Random chat 1 on 1
NLTK provides convenient ways to access several of these corpora, and has data packages containing corpora and corpus samples, freely downloadable for use in teaching and research. For information about downloading them, see : Cumulative Word Length Distributions: Six translations of the Universal Declaration of Human Rights are processed; this graph shows that words having 5 or fewer letters account for about 80% of Ibibio text, 60% of German text, and 25% of Inuktitut text.
Unfortunately, for many languages, substantial corpora are not yet available.
We will wait until later before exploring each Python construct systematically.
Don't worry if you see an example that contains something unfamiliar; simply try it out and see what it does, and — if you're game — modify it by substituting some part of the code with a different text or word.
These are presented systematically in 2, where we also unpick the following code line by line.
For the moment, you can ignore the details and just concentrate on the output.
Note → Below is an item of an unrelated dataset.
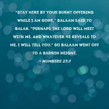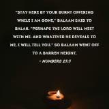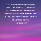 "Stay here by your burnt offering while I am gone," Balaam said to Balak. "Perhaps the LORD will meet with me. And whatever He reveals to me, I will tell you." So Balaam went off to a barren height,

The filename contains the date, chatroom, and number of posts; e.g., The Brown Corpus was the first million-word electronic corpus of English, created in 1961 at Brown University.NLTK's small collection of web text includes content from a Firefox discussion forum, conversations overheard in New York, the movie script of There is also a corpus of instant messaging chat sessions, originally collected by the Naval Postgraduate School for research on automatic detection of Internet predators.The corpus contains over 10,000 posts, anonymized by replacing usernames with generic names of the form "User NNN", and manually edited to remove any other identifying information.In 1, we looked at the Inaugural Address Corpus, but treated it as a single text.The graph in fig-inaugural used "word offset" as one of the axes; this is the numerical index of the word in the corpus, counting from the first word of the first address.